Here are two excellent dissenting pieces on Nelson Mandela by John PIlger and Jonathan Cook.
I have a quibble with Cook’s piece. Cook wrote
“It is an indication of what Mandela was up against that the man who fought so hard and long against a brutal apartheid regime was so completely defeated when he took power in South Africa. That was because he was no longer struggling against a rogue regime but against the existing order, a global corporate system of power that he had no hope of challenging alone.”
The most devastating part, to me, of Naomi Klein’s “Sock Doctrine” book is her depiction of the ANC’s turn to neoliberalism and how they rolled that out to their supporters. In fact, the key passage from that chapter can be found online:
As in Bolivia, where the shock therapy program was prepared with all the secrecy of a covert military operation, in South Africa only a handful of Mbeki’s closest colleagues even knew that a new economic program was in the works, one very different from the promises they had all made during the 1994 elections. Of the people on the team, Gumede writes, “all were sworn to secrecy and the entire process was shrouded in deepest confidentiality lest the left wing get wind of Mbeki’s plan.”32 The economist Stephen Gelb, who took part in drafting the new program, admitted that “this was ‘reform from above’ with a vengeance, taking to an extreme the arguments in favour of insulation and autonomy of policymakers from popular pressures.” 33 (This emphasis on secrecy and insulation was particularly ironic given that, under the tyranny of apartheid, the ANC had pulled off a remarkably open and participatory process to come up with the Freedom Charter. Now, under a new order of democracy, the party was opting to hide its economic plans from its own caucus. [my emphasis]

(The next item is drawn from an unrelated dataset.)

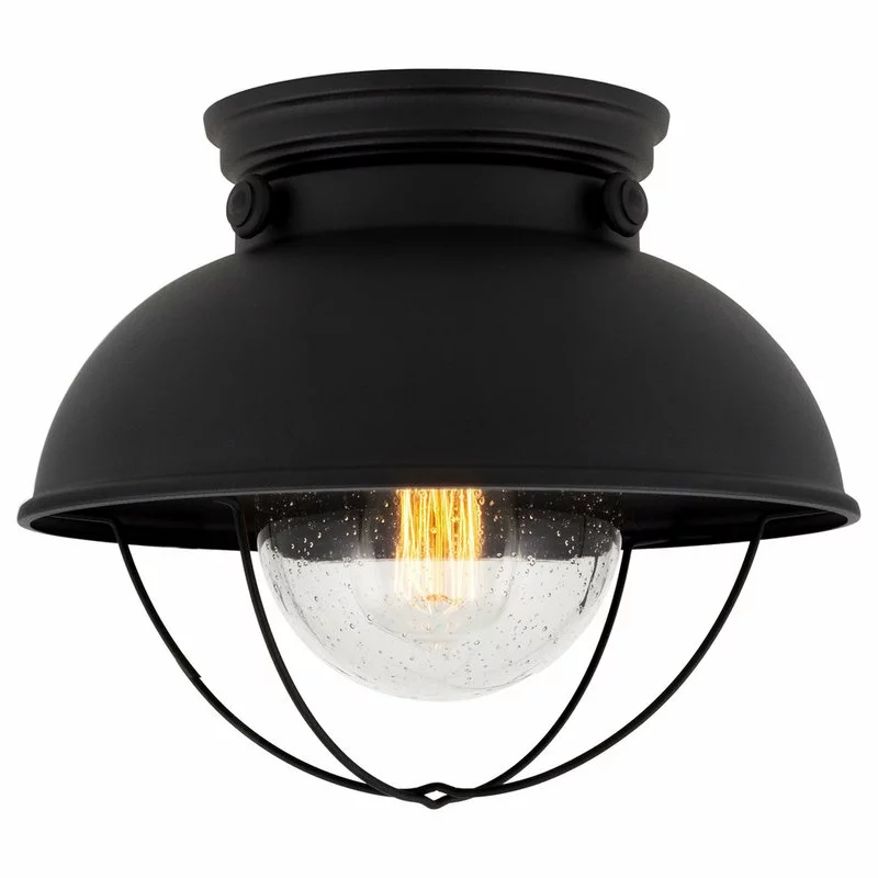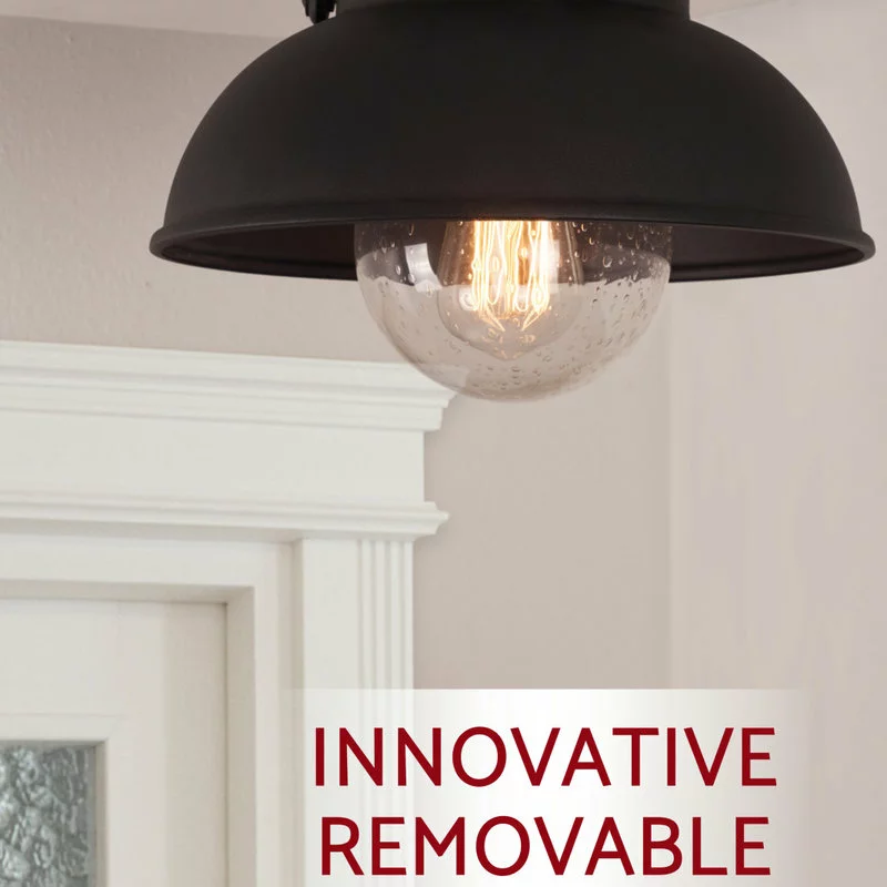 Kira Home’s Bayside 11″ nautical farmhouse ceiling light offers a unique atmosphere and style, showcasing a stunning, one-of-a-kind design. It’s cage design and beautifully seeded glass shade emits the perfect amount of light. Complete with high quality materials, Bayside is a versatile flush mount in a beautiful matte black finish that can be used both with and without the removable cage brackets. Brighten up even the darkest indoor and outdoor (covered) locations including a hallway in sets of 2-3, over kitchen or bathroom sinks, above a dining room table, under a covered patio or awning, or in hospitality/business settings such as hotels and restaurants. Need to set the mood? Bayside works with standard dimmer switches when paired with compatible bulbs.

Rather than collaborate extensively with their popular bases, as they had in the past, about the ANC policy platform, the turn to neoliberalism was plotted like a surprise attack on ANC supporters. Its very intention was to confuse and demoralize. Pilger’s article provides details about the ANC’s back room deals with apartheid profiteers that would trump previous commitments to the South African majority.
Could Mandela, like Hugo Chavez, have withstood the loss of numerous high level allies within the ANC by not betraying his people, and the demonization of the local and international media to name only two of the challenges he would have faced?
It is hard to say, but if Mandela would have failed, he would not have failed alone.
Jean Bertrand Aristide once said that “it is better to be wrong with the people than right without them”. Post-Apartheid, it seems to me that Mandela made the worst possible choice – to be wrong without the people.